DATASET RECORDS:
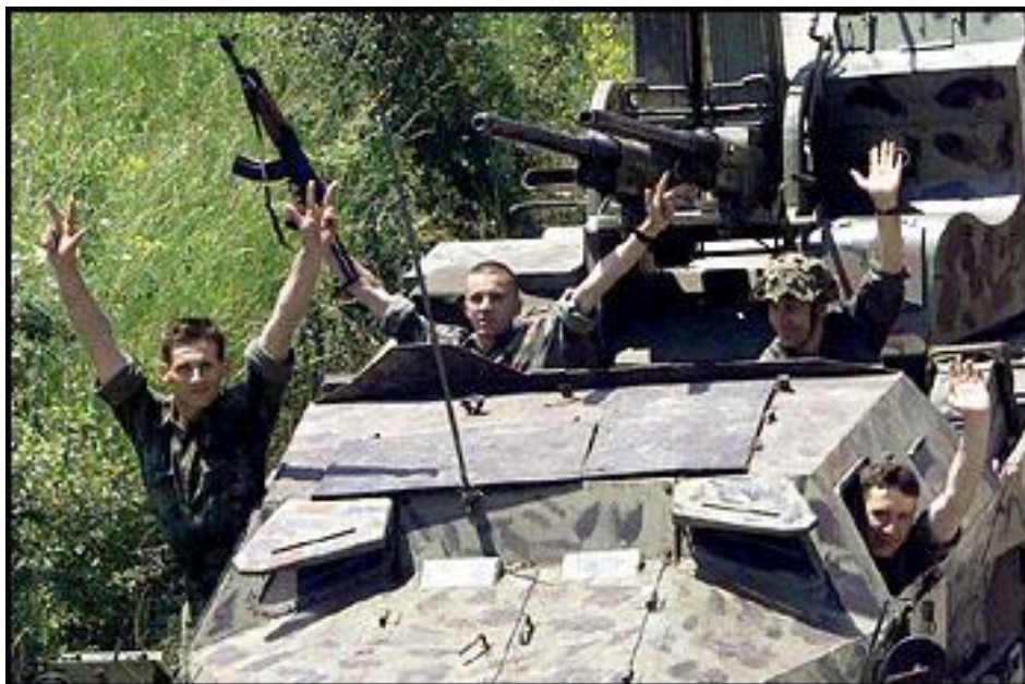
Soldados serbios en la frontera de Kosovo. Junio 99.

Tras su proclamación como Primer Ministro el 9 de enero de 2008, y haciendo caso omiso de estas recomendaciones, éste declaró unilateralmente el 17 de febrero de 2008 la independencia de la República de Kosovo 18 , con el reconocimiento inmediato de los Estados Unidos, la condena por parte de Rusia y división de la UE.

--

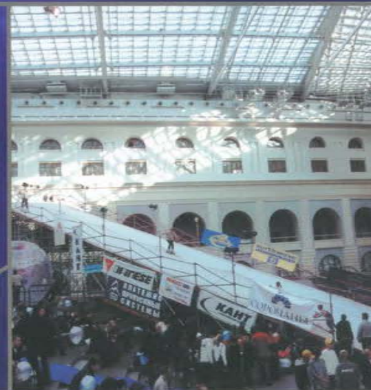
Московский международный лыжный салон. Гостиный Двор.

==

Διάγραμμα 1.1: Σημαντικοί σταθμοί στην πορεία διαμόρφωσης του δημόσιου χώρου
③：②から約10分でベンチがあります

PROBLEM DESCRIPTION: For the string "Kosovo", filter the data and copy out each line where it occurs.

RESULT:
Soldados serbios en la frontera de Kosovo. Junio 99.
Tras su proclamación como Primer Ministro el 9 de enero de 2008, y haciendo caso omiso de estas recomendaciones, éste declaró unilateralmente el 17 de febrero de 2008 la independencia de la República de Kosovo 18 , con el reconocimiento inmediato de los Estados Unidos, la condena por parte de Rusia y división de la UE.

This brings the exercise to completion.